Wednesday 14 February 2018

STILL UNFAIR, STILL WRONG

Just two weeks ago, I wrote about the government’s degrading and unfair treatment of applicants for Personal Independence Payments (PIPs)[1].
PIPs are a replacement for Disability Living Allowance for people aged 16-64 with long-term chronic health problems or disabilities. A full roll-out of PIP was originally planned for October 2013; it has now been revised to by mid-2019.
I described how the PIP assessment process was simply not fit for purpose and how the courts had confirmed that the government had acted unlawfully in its introduction and implementation.
You may have thought that I was commenting for party political advantage or over-egging the pudding. If that was the case, today’s report on PIPs by the all-party House of Commons Work and Pensions Committee might make you think again.
The Committee’s Chair, Frank Field, says that
“…a pervasive lack of trust is undermining its entire operation. In turn, this is translating into untenable human costs to claimants and financial costs to the public purse. No one should have any doubt the process needs urgent change.”
Whilst the vast majority of claimants want the assessment interviews recorded, as a safeguard for the claimant and the government, the Department for Work and Pensions is stubbornly resisting and refusing.
The PIP Assessments are carried out by contractors Capita and Atos. The Committee says Ministers should consider taking these assessments in-house as
“the existing contractors have consistently failed to meet basic performance standards but other companies are hardly scrambling over each other to take over”.
The committee said that this assessment work was outsourced in the name of efficiency and consistency.

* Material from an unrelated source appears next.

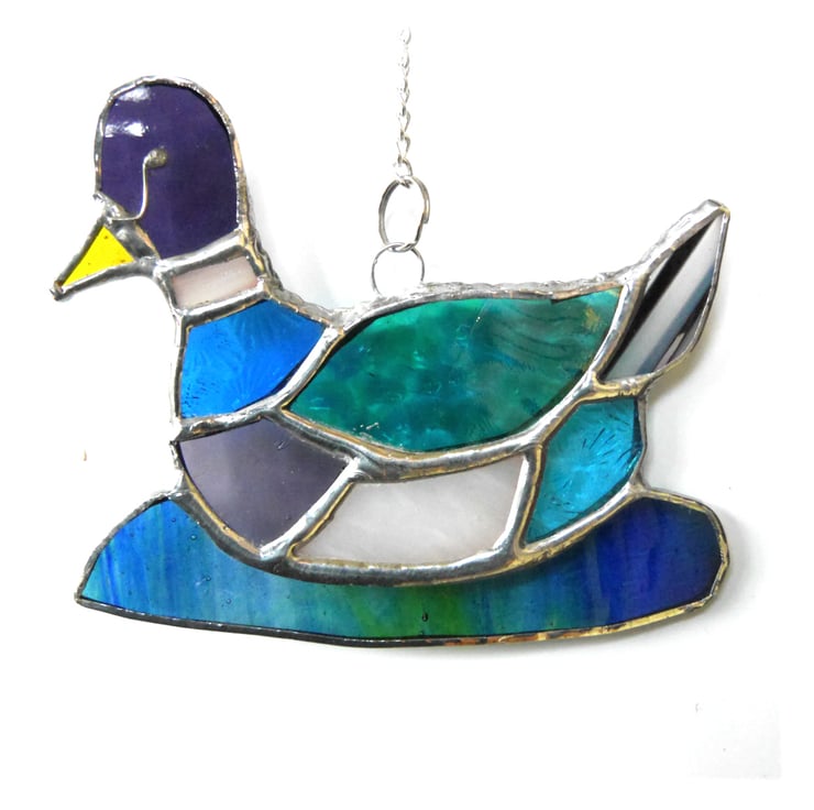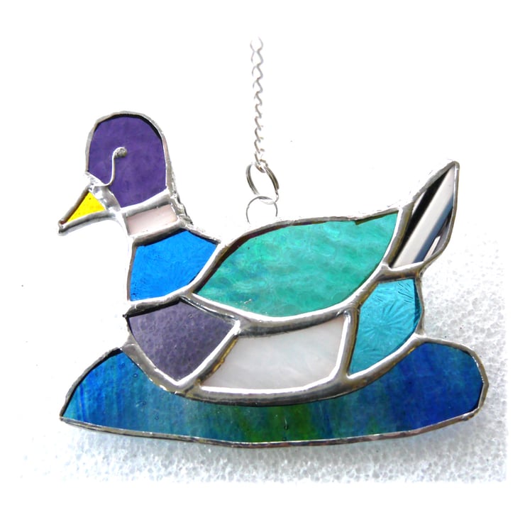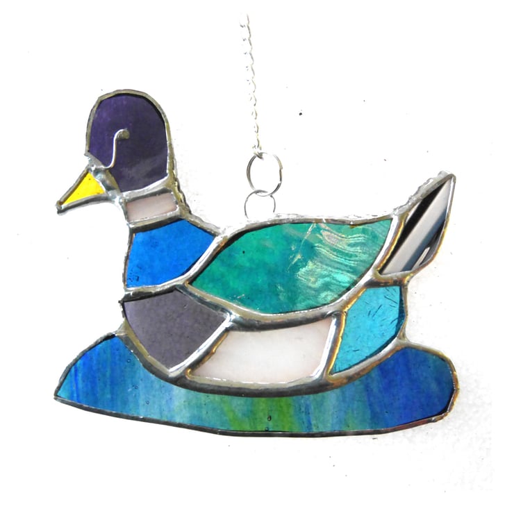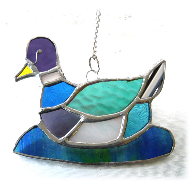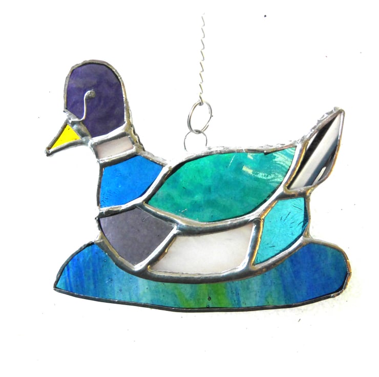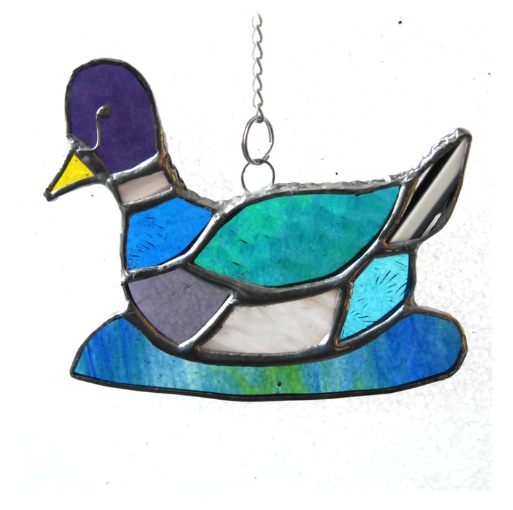 The duck is sitting on a pool of streaky blue-green coloured water and looks absolutely gorgeous hanging in the window and the light which makes it lovely colours shimmer.
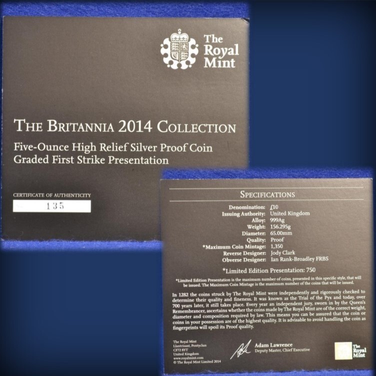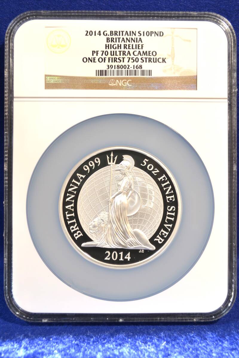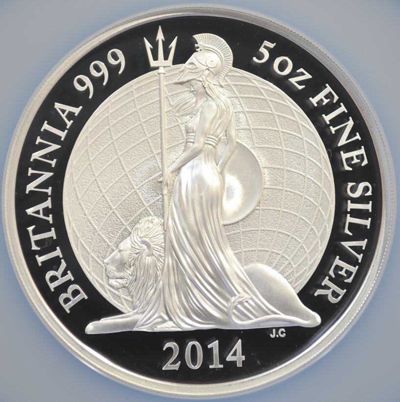 ◆シリーズ一番人気 5オンス 大型銀貨 2014 ブリタニア ライオン◆最高鑑定 PF70 UC 初回限定750枚 エリザベス 10ポンド イギリス NGC PCGS

However, none of the providers had ever hit their quality performance targets, yet a core theme from the research had been that
“…claimants do not believe assessors can be trusted to record what took place during the assessment accurately [which] has implications far beyond the minority of claimants who directly experience poor decision making”.
What an indictment!
This isn’t about party politics. It is about treating the most vulnerable of the UK’s citizens fairly and with humanity. Isn’t that what British values are about?